As the answer, give exactly the lines of the records below from the one with "彭·通知 | 关于印发《西安交通大学本科生表彰奖励办法》的通知" through the one with "Elon Musk talked", ends included and pictures left out.

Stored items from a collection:
○ ○ ○ ○

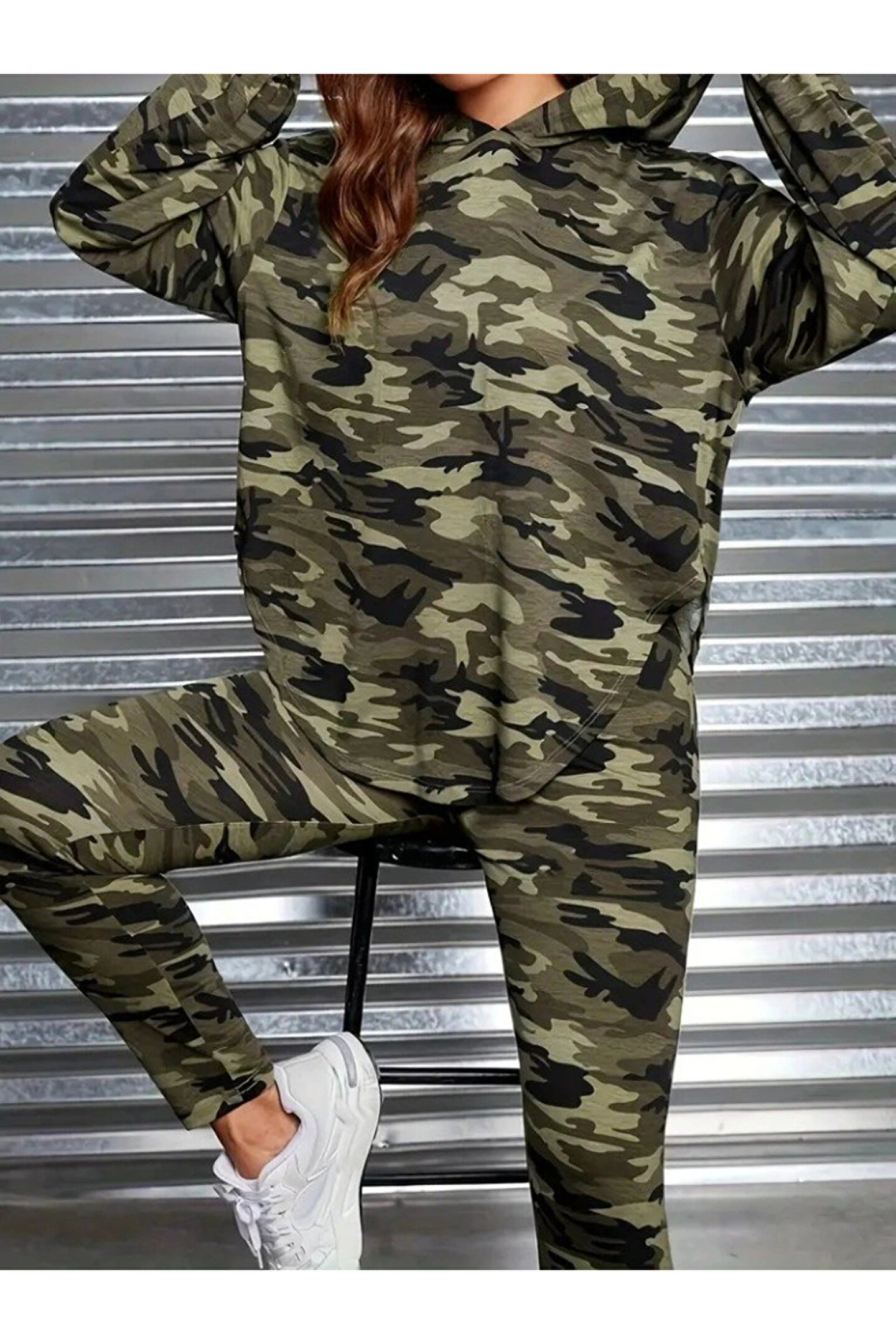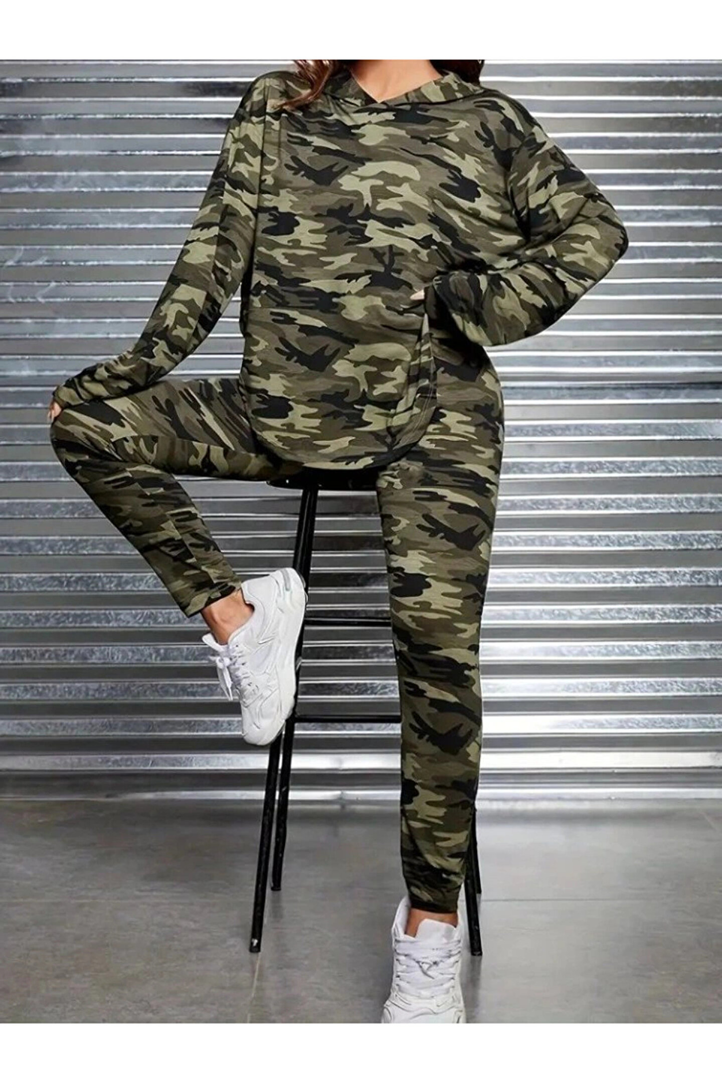 Kadın Uzun Kollu Kapşonlu Kamuflaj Desenli Bluz Ve Pantolon Tayt Ikili Takım
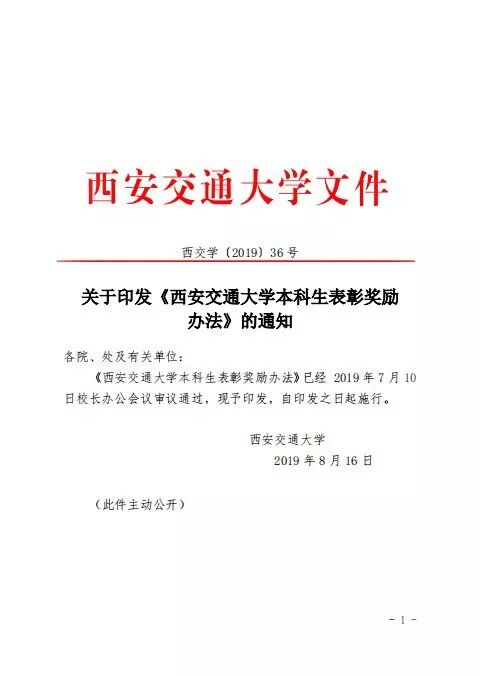 彭·通知 | 关于印发《西安交通大学本科生表彰奖励办法》的通知
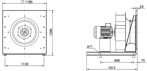 Direktdriven B-hjulsfläkt för montage i ventilationsaggregat. Lämplig för nya aggregat och för byte av fläkt i äldre aggregat. Inloppskona försedd med flödesmätuttag. Levereras med dukstos på inloppet samt fjäderdämpare SP775-06 för avvibrering.
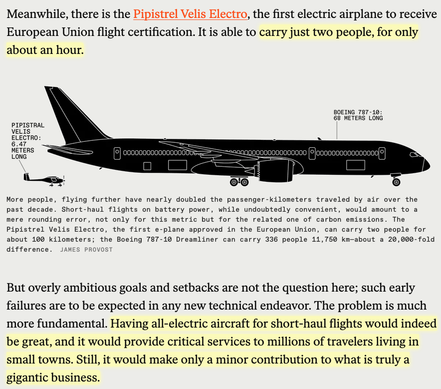 Elon Musk talked about a design he had for an electric plane. For it to work you need to travel much higher.
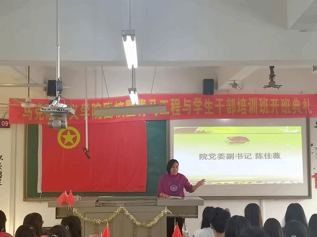 伴随着庄严的国歌和团歌,本次开班典礼正式开始。首先,由院党委副书记陈佳薇致词,传达了学院党委对团校工作的指导以及对学员们的殷殷期盼。她指出,团校培训是青年团员加强理论学习的阵地,学员要充分认识团校培训的重要性与必要性;教导学员们要追求真理,沉稳思辨,做时代思考者;要知行合一,艰苦奋斗,做有理想、有本领、有担当的有志青年。接着,会上向学员宣读团校须知,明确团校纪律,要求学员保质保量完成学习任务。最后,院学生会主席蔡艺真代表发言,讲述自己在校三年的成长与收获,鼓励学员向纵深发展,坚定信念,志存高远,做坚定的青年马克思主义者。
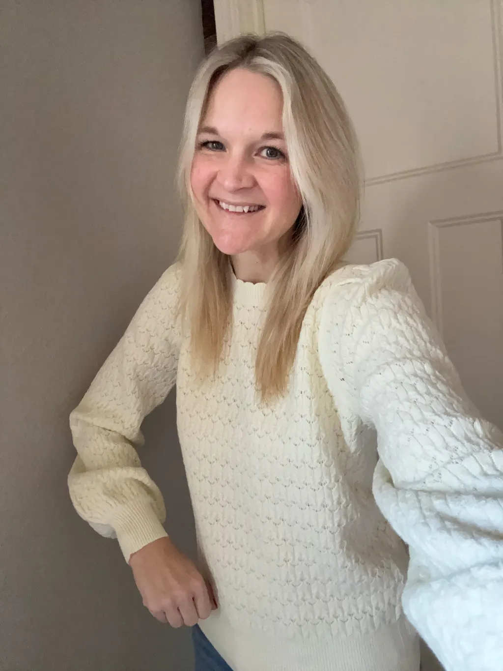 This sweater quality is outstanding. It is luxurious and beautiful. I do think you need a nude colored undershirt. The sleeves are absolutely adorable. The ruffled neck will steal your heart! Just so so cute! In love!! I am 5β4, 124 pounds. Got a small and itβs perfect.
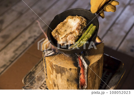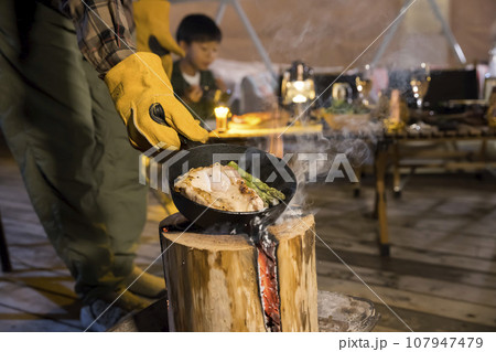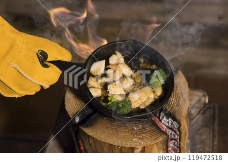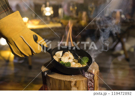 グランピング施設でスウェーデントーチで鶏肉を焼く男性手元

○ ○ ○ ○

## Response below
 彭·通知 | 关于印发《西安交通大学本科生表彰奖励办法》的通知
 Direktdriven B-hjulsfläkt för montage i ventilationsaggregat. Lämplig för nya aggregat och för byte av fläkt i äldre aggregat. Inloppskona försedd med flödesmätuttag. Levereras med dukstos på inloppet samt fjäderdämpare SP775-06 för avvibrering.
 Elon Musk talked about a design he had for an electric plane. For it to work you need to travel much higher.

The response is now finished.